SOFTWARE IMPLEMENTATION OF AN IMPEDANCE PI CONTROLLER FOR AN ELECTRIC ARC FURNACE CONTROL SYSTEM USING THE GO PROGRAMMING LANGUAGE
DOI:
https://doi.org/10.34185/1991-7848.2026.01.05Keywords:
electric arc furnace, impedance control, PI controller, mathematical modeling, electric arc, Go programming language, control system, automationAbstract
Electrode control in electric arc furnace (EAF) operation represents one of the most technically demanding problems in steelmaking. The inherently unstable behaviour of the electric arc – its sensitivity to scrap composition, inter-electrode gap geometry, and thermal conditions – results in current and voltage fluctuations, increased specific energy consumption, and accelerated electrode wear.

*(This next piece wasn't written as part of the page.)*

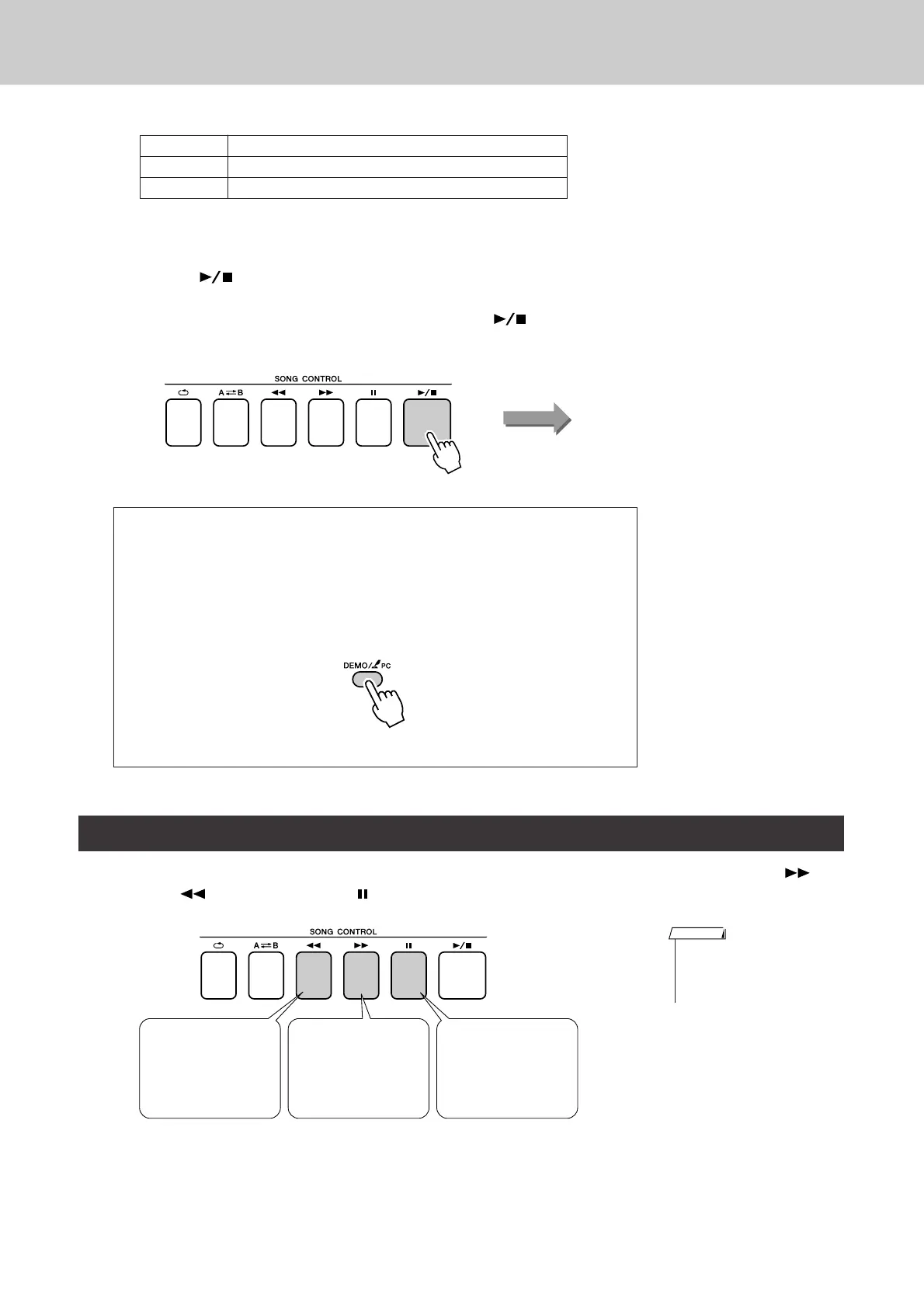 Press the [DEMO/PC] button to play Songs 001–008 in sequence. Playback

Despite a considerable body of research on mathematical modelling and controller design for EAFs, most published work relies on specialised software environments such as MATLAB/Simulink and does not address the direct deployment of control algorithms in industrial automation systems. The question of implementing control logic using general-purpose programming languages suitable for production environments remains insufficiently explored.

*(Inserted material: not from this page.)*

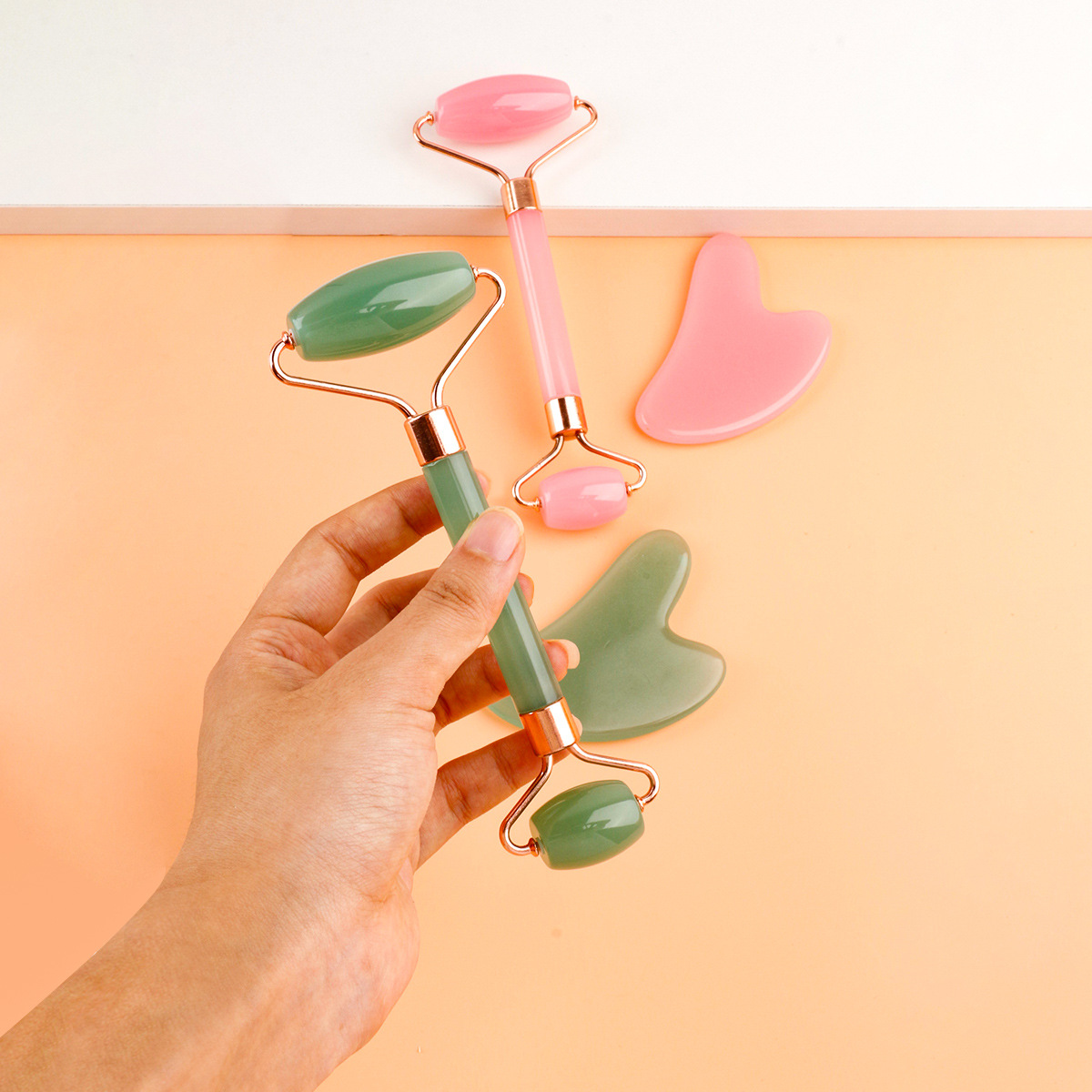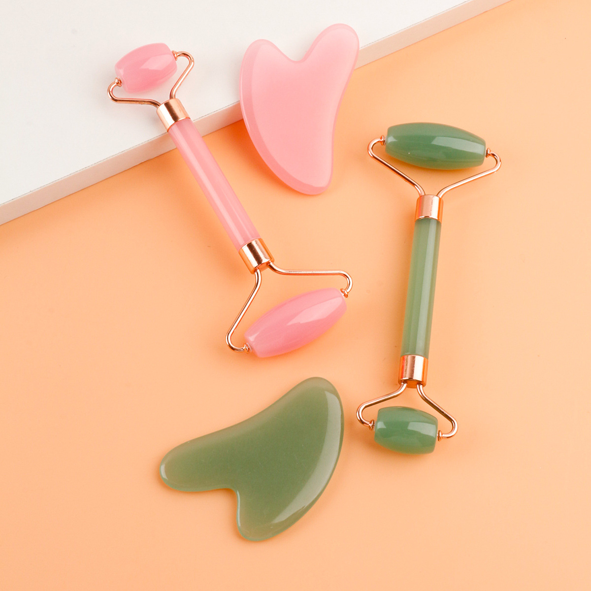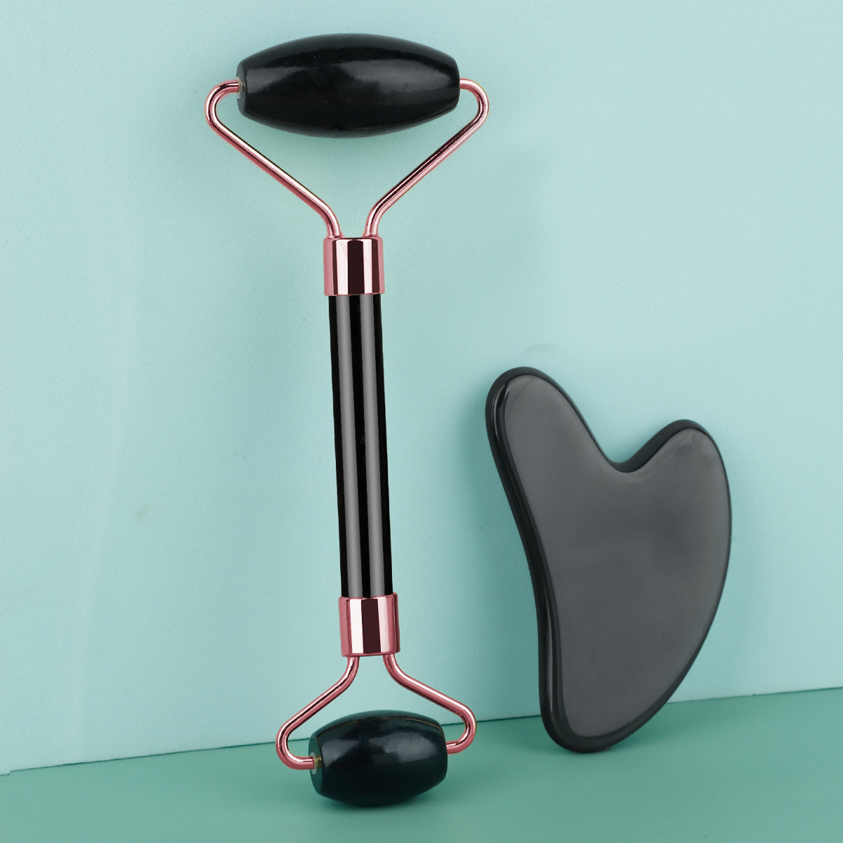 Rodillo de jade de imitación de doble cabeza, masajeador de tabla gua sha, bastón de masaje facial de fisioterapia, dispositivo de belleza de resina engrosada, transfronterizo

The objective of this work is to develop an impedance-based PI control algorithm for the EAF electrode positioning system and to implement it in the Go programming language, followed by analysis of the closed-loop system's dynamic behaviour.

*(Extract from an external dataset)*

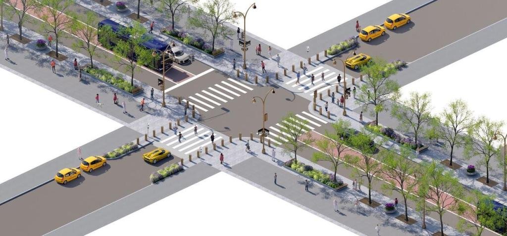 Renderings for the makeover, the first of its kind in the avenue’s 200-year history, were unveiled earlier this month. Proposed improvements include widening sidewalks by nearly 50%, shortening crosswalks and adding lights for increased safety, reducing the number of traffic lanes from five to three, and installing more greenery. The schematic designs are expected to be completed by summer 2025.
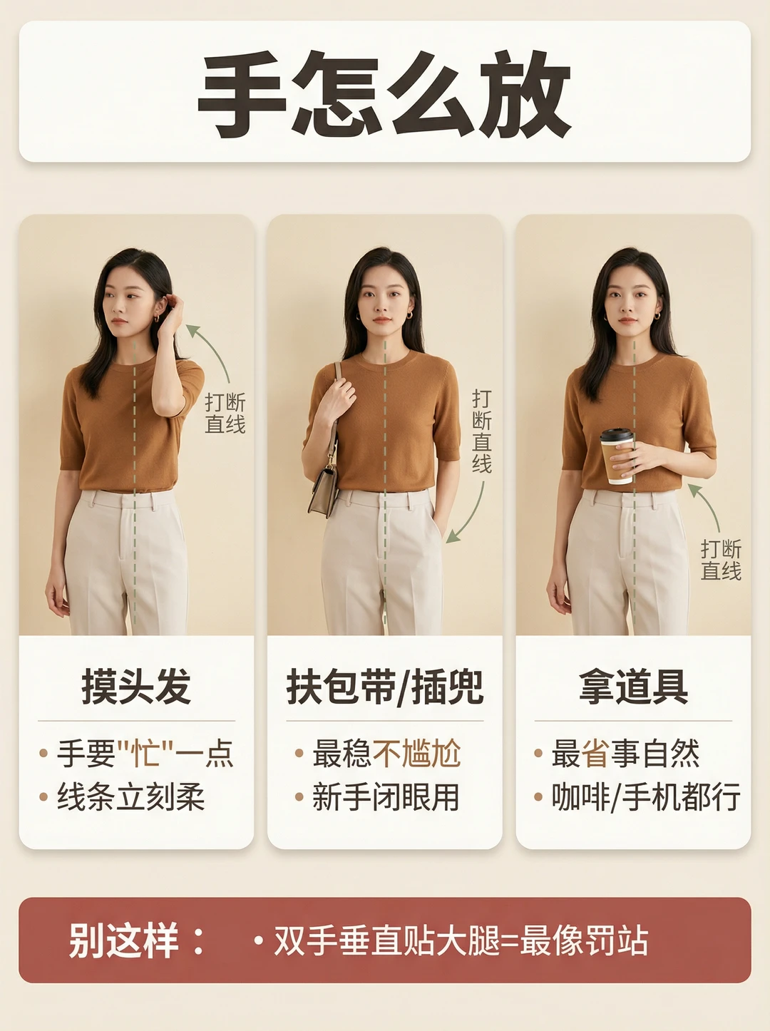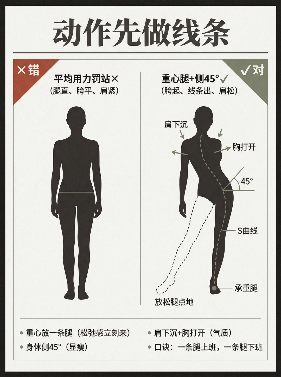 ④ 给动作:重心腿+侧45°,线条立刻顺

The mathematical model is based on the Cassie-Mayr arc equations, which describe arc conductance dynamics under both transient and steady-state conditions. The controller is implemented in discrete time with a fixed integration step to ensure numerical stability. An anti-windup mechanism – clamping the accumulated error sum within defined bounds – is applied to prevent integrator saturation under control signal constraints. The software is structured as a modular Go application comprising dedicated components for control signal computation, simulation loop execution, and CSV-based result logging. The choice of Go is justified by its practical advantages for industrial automation: compilation to native executable code, absence of runtime dependencies, support for modular architecture, and high computational performance. Simulation results are visualised using Python/Matplotlib, ensuring reproducibility and clarity of the obtained data.
Numerical simulation results show that the developed system achieves a stable transient response with a settling time of 0.15-0.2 s and overshoot within acceptable limits. A residual steady-state error of 2-3% is attributed to simplifications in the adopted arc model and can be reduced by introducing adaptive gain correction. The smooth control signal profile, free from abrupt changes, confirms the algorithm's suitability for real-world application with respect to mechanical loading on the electrode drive. The findings demonstrate the viability of Go as an implementation language for control algorithms within digital EAF automation systems, as well as for the development of digital twins of electrotechnological processes.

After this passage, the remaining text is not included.